» **Material to process**:
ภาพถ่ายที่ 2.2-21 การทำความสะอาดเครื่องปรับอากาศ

---

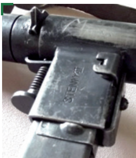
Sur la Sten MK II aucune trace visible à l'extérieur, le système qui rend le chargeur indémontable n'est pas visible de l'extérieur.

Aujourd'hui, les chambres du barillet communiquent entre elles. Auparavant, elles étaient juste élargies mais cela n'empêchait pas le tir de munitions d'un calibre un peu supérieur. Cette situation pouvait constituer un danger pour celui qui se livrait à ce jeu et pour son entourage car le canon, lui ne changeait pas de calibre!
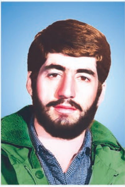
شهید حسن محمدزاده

» **Prompt**: Write out word for word the lines of the listing above from the line with "Aujourd'hui, les chambres" to the line with "شهید حسن محمدزاده", taking in both of those lines but no pictures.

» **Solution for this task**:
Aujourd'hui, les chambres du barillet communiquent entre elles. Auparavant, elles étaient juste élargies mais cela n'empêchait pas le tir de munitions d'un calibre un peu supérieur. Cette situation pouvait constituer un danger pour celui qui se livrait à ce jeu et pour son entourage car le canon, lui ne changeait pas de calibre!
شهید حسن محمدزاده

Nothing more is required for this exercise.